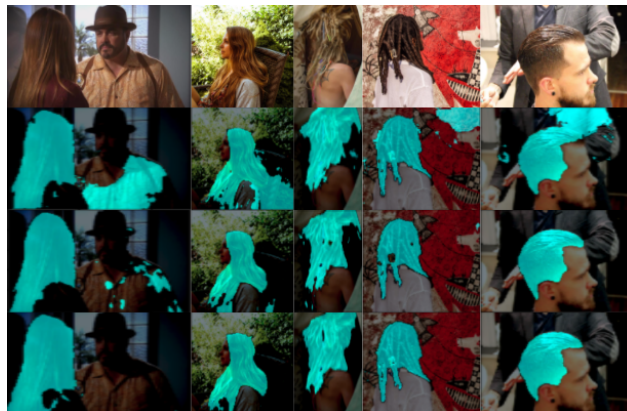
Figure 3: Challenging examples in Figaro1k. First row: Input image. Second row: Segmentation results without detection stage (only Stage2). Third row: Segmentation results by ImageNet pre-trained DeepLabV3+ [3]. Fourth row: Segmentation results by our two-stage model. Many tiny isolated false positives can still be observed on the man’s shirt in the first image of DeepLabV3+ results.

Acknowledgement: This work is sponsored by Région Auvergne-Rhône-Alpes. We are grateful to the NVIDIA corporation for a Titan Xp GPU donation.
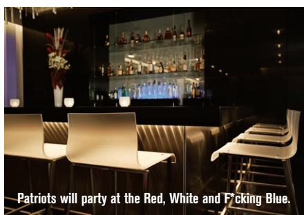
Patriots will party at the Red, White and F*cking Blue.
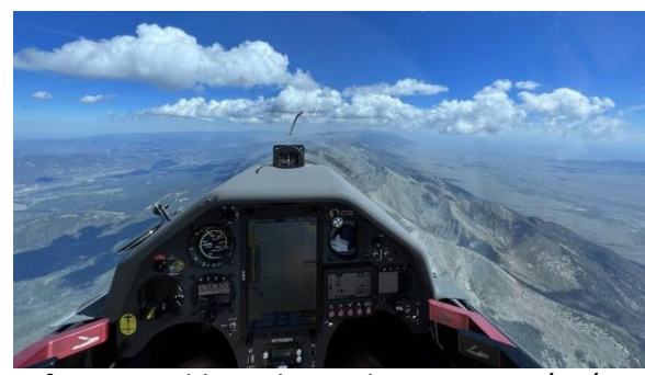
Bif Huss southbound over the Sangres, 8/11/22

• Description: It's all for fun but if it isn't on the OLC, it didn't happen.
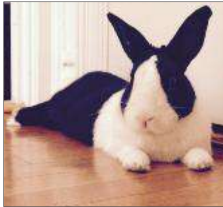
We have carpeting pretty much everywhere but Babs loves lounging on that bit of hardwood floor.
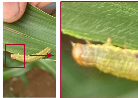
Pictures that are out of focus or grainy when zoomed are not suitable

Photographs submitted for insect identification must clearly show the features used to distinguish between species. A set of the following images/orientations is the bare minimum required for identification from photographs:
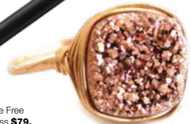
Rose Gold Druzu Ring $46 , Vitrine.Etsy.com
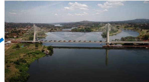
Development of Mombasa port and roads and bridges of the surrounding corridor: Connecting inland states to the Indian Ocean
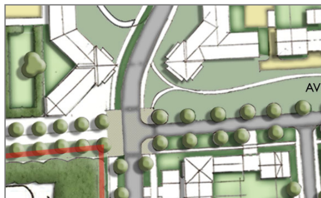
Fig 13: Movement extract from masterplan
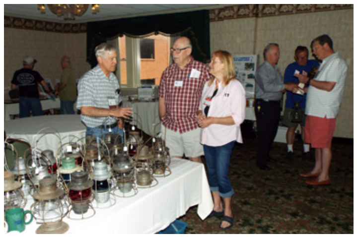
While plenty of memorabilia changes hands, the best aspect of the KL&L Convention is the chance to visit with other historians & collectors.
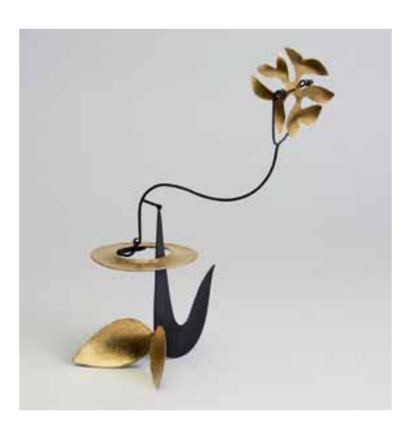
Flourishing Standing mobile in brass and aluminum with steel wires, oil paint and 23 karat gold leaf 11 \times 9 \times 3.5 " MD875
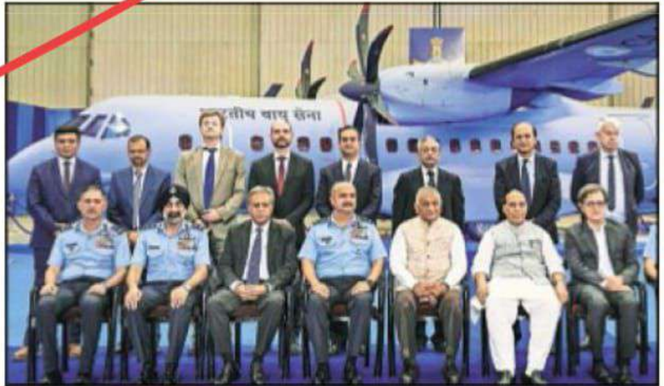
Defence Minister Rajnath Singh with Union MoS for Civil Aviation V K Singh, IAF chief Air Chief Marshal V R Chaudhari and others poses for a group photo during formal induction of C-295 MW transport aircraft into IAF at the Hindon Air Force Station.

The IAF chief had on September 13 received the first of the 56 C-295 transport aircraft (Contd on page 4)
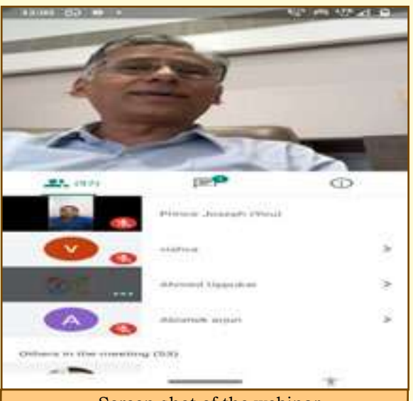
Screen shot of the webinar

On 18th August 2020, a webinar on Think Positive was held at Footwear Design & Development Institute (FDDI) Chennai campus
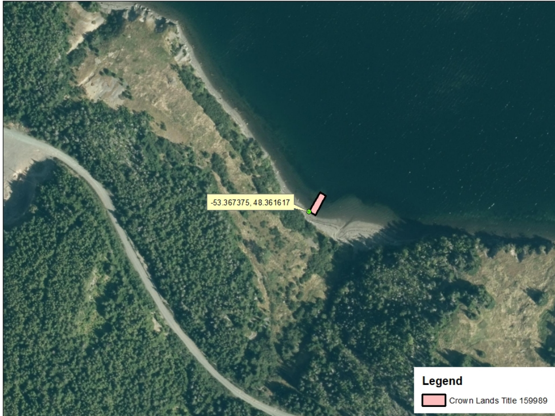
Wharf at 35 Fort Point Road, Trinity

--

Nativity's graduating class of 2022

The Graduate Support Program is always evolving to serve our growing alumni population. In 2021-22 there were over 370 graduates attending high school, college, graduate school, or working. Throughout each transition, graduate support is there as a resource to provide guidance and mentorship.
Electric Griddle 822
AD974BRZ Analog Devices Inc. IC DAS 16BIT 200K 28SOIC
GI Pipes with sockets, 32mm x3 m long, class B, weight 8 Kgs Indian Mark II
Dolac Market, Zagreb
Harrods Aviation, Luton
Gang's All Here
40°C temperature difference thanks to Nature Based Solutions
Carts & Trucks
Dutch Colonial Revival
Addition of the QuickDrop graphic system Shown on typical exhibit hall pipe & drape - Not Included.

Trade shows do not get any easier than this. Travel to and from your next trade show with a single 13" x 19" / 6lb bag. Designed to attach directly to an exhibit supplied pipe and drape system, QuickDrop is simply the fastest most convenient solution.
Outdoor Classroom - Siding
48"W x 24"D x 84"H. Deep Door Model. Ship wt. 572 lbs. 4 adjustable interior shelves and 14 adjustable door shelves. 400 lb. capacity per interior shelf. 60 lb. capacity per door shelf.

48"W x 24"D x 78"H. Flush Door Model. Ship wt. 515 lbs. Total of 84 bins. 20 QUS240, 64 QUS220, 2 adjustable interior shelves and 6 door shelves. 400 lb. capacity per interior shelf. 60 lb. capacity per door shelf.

---

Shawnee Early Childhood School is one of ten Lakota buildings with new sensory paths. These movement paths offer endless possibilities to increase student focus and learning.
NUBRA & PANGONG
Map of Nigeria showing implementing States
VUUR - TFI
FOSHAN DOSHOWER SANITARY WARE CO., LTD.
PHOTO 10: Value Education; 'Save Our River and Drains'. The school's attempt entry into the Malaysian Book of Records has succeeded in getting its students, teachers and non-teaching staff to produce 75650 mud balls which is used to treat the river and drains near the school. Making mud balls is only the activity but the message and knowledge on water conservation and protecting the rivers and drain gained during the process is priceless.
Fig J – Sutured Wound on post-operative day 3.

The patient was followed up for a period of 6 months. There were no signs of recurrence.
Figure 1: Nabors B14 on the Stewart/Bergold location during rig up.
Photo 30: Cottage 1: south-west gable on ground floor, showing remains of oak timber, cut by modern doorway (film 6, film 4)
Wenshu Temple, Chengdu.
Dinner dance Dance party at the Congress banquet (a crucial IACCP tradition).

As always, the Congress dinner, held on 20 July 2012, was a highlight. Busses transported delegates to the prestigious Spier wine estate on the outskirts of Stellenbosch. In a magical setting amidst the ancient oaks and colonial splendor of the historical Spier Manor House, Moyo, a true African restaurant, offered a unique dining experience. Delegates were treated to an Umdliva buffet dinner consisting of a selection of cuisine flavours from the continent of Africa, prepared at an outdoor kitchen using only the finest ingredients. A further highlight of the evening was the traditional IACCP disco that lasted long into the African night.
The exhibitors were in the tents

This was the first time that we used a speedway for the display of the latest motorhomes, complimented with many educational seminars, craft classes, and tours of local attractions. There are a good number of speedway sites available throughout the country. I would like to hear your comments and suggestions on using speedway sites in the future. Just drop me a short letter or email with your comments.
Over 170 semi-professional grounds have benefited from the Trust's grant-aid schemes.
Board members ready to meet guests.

> [Aim of the exercise]: Across the whole listing, show each line where the word "have" occurs.

> [Answer below]:
We have carpeting pretty much everywhere but Babs loves lounging on that bit of hardwood floor.
Over 170 semi-professional grounds have benefited from the Trust's grant-aid schemes.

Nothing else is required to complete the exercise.